8. the guider of direct insertion hip replacement as claimed in claim 1, it is characterized in that, described acetabular cup adapter comprises mount pad and striking head, described mount pad is fixedly connected with the bottom of handle, described striking head is set in mate in described installation shaft and with described mount pad and is connected, and the head of described installation shaft can be connected with acetabular cup and rotate along axis.
9. the guider of direct insertion hip replacement as claimed in claim 8, is characterized in that, described second inserted link is arranged on the mount pad of acetabular cup adapter, and described second socket is arranged on the bottom of handle.
10. the guider of direct insertion hip replacement as claimed in claim 9, it is characterized in that, described second inserted link is cylindrical inserted link, described second inserted link is provided with the second groove, the second jack matched with the second inserted link is provided with in described second socket, be provided with the second steel ball with the second groove match in the second through hole be connected with described second jack, described second steel ball is fixed in described second groove by the second gland.
The guider of 11. direct insertion hip replacements as claimed in claim 10, is characterized in that, described second groove is annular groove.
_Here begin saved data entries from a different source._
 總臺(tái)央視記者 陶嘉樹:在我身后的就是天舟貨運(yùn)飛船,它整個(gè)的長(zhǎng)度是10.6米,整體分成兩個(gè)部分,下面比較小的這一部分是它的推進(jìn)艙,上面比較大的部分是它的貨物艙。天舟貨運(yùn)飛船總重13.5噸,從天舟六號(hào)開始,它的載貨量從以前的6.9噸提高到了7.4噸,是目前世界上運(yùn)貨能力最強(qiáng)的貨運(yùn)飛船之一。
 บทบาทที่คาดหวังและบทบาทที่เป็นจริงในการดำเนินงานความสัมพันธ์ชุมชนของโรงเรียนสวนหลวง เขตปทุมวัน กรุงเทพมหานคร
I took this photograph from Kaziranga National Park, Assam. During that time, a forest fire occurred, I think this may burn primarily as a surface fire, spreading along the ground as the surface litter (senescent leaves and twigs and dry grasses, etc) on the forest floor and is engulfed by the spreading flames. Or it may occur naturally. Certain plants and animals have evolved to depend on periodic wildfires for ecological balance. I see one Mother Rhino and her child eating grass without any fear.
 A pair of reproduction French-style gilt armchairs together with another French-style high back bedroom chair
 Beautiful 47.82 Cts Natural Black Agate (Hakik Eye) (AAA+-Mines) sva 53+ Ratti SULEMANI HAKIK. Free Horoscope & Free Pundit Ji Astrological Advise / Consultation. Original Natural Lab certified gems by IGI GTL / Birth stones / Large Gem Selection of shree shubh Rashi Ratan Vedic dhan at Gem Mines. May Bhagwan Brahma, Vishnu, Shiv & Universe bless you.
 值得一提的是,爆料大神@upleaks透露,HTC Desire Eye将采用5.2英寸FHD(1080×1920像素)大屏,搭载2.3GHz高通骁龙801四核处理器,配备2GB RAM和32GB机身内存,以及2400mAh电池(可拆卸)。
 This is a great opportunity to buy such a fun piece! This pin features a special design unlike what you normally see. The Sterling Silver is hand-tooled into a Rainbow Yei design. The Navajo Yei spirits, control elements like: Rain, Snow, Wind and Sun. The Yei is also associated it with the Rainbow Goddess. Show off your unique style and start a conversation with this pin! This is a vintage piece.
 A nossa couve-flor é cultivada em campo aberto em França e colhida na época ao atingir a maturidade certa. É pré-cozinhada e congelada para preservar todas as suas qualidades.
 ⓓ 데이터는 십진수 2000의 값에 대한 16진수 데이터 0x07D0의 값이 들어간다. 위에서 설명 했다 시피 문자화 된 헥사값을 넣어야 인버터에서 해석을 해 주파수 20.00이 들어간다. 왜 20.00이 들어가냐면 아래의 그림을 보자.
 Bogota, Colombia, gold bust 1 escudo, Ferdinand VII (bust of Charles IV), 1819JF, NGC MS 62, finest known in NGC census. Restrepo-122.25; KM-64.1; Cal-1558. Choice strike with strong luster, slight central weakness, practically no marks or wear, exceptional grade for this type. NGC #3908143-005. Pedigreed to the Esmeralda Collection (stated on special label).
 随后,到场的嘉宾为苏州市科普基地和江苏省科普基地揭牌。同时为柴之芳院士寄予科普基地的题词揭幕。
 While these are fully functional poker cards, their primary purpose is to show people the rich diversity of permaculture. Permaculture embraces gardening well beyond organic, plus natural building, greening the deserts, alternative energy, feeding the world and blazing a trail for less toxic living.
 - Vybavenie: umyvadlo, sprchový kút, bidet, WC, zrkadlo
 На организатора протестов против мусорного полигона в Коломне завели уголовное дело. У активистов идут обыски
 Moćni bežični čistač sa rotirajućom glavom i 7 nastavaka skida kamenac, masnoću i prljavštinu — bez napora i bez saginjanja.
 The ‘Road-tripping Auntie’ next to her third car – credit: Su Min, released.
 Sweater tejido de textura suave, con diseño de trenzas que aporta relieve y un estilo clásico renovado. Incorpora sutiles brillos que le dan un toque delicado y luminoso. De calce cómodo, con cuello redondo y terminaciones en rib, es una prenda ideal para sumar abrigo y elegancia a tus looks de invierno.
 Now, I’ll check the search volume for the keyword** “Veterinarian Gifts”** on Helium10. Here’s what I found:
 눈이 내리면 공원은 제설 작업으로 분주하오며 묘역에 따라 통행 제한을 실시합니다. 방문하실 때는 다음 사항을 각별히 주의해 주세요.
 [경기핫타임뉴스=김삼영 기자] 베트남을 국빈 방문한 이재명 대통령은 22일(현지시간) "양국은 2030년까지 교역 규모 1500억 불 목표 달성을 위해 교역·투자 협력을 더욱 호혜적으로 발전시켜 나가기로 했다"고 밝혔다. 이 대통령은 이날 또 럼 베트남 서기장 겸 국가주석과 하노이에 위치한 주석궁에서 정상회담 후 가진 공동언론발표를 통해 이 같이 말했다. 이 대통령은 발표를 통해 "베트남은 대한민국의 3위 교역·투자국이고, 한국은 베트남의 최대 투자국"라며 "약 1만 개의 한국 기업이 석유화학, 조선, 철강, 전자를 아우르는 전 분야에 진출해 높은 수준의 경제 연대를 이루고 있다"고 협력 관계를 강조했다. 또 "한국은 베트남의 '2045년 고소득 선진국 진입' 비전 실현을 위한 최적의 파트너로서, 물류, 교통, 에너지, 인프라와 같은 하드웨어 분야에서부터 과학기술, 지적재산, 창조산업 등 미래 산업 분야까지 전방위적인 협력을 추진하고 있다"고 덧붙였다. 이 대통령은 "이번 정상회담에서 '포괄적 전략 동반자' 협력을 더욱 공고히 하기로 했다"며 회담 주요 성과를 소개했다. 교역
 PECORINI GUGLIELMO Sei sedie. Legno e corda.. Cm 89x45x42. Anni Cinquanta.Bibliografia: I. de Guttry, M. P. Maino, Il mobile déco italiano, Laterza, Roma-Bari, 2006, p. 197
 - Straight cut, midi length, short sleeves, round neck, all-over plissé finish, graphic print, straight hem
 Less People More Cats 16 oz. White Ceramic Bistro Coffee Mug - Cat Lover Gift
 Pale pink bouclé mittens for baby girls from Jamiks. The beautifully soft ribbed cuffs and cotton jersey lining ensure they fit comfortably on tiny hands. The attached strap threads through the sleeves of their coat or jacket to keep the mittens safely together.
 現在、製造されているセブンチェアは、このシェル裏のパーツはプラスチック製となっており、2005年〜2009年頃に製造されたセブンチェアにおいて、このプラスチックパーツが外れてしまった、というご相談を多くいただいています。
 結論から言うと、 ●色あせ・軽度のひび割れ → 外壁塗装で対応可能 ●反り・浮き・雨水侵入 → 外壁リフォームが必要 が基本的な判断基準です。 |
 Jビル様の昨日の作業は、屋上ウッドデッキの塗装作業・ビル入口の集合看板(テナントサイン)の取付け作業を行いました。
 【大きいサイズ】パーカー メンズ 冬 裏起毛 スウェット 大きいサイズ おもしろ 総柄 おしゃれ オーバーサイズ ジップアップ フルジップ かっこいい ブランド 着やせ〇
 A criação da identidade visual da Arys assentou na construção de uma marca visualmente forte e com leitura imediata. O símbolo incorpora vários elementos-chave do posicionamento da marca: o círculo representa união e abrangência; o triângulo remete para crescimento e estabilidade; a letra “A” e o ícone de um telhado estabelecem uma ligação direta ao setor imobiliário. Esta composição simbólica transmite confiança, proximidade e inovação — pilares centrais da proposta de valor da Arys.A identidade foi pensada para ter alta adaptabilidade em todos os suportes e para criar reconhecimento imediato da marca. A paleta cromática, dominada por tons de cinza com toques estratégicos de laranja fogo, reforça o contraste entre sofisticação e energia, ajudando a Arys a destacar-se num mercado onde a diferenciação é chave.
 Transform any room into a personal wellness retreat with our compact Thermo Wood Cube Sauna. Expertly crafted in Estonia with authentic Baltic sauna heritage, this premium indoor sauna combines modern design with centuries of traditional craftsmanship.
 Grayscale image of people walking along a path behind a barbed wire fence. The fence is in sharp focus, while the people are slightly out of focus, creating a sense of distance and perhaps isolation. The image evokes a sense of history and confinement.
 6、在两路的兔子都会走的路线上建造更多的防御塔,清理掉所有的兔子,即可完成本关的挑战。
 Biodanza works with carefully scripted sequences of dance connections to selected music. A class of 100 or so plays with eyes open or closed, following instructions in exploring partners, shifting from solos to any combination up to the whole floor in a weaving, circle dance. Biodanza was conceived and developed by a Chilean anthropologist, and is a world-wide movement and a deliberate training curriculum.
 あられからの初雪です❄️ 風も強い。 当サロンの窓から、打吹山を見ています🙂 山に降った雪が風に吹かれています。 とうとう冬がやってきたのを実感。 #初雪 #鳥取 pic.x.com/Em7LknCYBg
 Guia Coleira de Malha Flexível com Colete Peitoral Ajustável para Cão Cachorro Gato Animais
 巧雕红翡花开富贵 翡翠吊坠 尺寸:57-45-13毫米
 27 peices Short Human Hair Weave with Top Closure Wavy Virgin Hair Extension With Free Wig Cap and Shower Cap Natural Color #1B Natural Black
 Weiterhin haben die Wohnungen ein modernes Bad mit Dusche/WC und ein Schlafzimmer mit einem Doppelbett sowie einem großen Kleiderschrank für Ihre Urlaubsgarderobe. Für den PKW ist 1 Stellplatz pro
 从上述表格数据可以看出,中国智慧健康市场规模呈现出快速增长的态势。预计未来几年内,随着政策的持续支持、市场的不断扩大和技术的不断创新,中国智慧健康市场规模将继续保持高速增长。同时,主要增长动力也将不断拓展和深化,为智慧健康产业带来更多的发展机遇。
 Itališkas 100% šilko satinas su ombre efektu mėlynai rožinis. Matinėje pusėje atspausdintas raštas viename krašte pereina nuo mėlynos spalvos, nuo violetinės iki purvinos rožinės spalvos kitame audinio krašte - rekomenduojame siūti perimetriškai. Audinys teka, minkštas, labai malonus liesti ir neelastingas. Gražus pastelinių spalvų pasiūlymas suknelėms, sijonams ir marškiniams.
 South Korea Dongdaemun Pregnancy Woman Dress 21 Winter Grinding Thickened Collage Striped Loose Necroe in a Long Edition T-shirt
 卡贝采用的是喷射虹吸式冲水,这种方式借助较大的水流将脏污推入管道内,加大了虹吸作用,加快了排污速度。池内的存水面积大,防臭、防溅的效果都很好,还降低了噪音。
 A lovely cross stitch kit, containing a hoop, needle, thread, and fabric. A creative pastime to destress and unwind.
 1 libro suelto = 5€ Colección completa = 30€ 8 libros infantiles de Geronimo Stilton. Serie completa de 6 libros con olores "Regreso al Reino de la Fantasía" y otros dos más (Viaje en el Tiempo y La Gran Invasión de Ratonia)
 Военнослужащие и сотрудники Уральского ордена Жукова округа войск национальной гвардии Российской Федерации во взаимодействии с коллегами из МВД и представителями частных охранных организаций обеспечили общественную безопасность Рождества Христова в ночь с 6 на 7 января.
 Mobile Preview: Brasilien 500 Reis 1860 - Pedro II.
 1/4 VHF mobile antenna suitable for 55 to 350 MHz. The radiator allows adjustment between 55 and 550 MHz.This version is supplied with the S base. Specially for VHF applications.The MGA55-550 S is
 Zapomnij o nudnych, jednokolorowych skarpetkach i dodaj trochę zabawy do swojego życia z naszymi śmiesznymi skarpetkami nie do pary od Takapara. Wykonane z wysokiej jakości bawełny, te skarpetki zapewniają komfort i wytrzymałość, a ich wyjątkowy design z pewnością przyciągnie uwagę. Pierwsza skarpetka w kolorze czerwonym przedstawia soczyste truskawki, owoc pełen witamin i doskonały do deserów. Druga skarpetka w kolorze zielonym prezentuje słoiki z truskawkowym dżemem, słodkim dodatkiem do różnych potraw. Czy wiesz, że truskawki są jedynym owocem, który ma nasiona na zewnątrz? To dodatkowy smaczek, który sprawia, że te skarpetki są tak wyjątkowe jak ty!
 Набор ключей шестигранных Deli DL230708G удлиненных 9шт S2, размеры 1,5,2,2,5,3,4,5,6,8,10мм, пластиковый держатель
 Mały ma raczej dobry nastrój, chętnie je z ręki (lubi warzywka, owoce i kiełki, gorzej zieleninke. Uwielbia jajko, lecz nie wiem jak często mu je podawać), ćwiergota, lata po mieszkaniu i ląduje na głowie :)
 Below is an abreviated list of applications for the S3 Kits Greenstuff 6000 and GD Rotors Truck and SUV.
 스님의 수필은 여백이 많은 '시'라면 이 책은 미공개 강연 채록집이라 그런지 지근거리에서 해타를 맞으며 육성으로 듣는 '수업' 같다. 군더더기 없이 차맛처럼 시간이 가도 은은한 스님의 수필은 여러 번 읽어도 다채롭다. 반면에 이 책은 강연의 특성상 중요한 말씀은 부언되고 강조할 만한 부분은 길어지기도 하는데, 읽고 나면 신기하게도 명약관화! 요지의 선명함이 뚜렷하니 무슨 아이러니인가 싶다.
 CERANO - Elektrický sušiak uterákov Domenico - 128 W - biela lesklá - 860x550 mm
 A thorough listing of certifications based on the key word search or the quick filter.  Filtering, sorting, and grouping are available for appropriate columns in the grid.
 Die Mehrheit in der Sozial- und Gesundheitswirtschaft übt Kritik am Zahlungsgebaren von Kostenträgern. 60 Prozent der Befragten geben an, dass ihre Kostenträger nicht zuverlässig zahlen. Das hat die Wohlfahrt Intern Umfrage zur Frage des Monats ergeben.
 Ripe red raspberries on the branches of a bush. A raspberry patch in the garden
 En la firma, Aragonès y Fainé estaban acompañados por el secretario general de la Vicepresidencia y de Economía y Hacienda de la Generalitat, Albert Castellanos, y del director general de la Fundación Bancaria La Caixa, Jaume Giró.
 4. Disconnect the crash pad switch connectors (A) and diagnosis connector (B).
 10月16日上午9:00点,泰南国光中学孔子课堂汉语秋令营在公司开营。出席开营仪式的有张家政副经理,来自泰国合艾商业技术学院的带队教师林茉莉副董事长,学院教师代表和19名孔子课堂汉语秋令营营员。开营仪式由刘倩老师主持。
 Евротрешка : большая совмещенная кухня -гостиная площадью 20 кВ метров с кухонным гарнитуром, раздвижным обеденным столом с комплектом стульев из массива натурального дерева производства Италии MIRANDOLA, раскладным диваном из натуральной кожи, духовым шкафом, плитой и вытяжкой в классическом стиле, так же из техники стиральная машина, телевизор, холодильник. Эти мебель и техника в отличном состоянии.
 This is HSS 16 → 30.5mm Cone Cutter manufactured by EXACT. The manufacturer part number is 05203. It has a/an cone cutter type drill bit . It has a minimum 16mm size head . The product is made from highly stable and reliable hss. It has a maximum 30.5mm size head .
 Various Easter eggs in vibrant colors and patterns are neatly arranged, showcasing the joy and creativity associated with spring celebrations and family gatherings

The guider of 12. direct insertion hip replacements as claimed in claim 10, is characterized in that, is also provided with the second spring between described second steel ball and the second gland, and the inwall of described second gland and the second socket is inconsistent.
The guider of 13. direct insertion hip replacements as claimed in claim 12, is characterized in that, the quantity of described second through hole is 2-4, and each second through hole is outwards all disposed with the second steel ball, the second spring and the second gland from inner.
The guider of 14. direct insertion hip replacements as claimed in claim 13, is characterized in that, described multiple second through hole is uniformly distributed along the circumference of the second socket.
The guider of 15. direct insertion hip replacements as described in any one of claim 1-14, it is characterized in that, the upper end of described handle is provided with rotatable handle, and described handle is provided with the wave lines of the hand.